Studio album by Sirsy
- Released: March 5, 2013
- Recorded: Albany, NY
- Genre: Pop, rock
- Length: 34:46
- Label: Funzalo Records
- Producer: Paul Q. Kolderie and Sean Slade

Sirsy chronology
| Revolution (2007) | Coming Into Frame (2013) |  |

= Coming Into Frame =

2013 studio album by Sirsy

Coming Into Frame is the fifth studio album by the Albany-based pop rock band Sirsy, released on March 5, 2013. It is their first album with Funzalo Records.
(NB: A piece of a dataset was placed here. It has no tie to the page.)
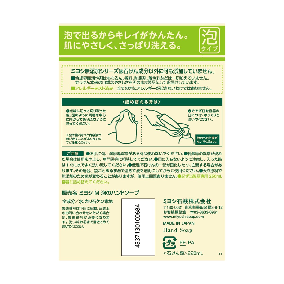 Hand soap without addition of fragrance, coloring agent, preservative.

The album was produced by Paul Kolderie and Sean Slade.

==Track listing==

1. Cannonball - 3:15
2. Lionheart - 2:58
3. Picture - 3:44
4. Brave and Kind - 4:07
5. Killer - 3:23
6. Red Letter Days - 3:01
7. Gold - 3:47
8. Lot of Love - 3:17
9. She's Coming Apart - 2:55
10. The Cost of You - 4:19

==Release history==

The first track "Cannonball" was released on February 12, 2013, through iTunes, Spotify and other digital distribution methods. The album was released on March 5, 2013. An album release concert is scheduled for April 6, 2013, at Putnam Den in Saratoga Springs, New York.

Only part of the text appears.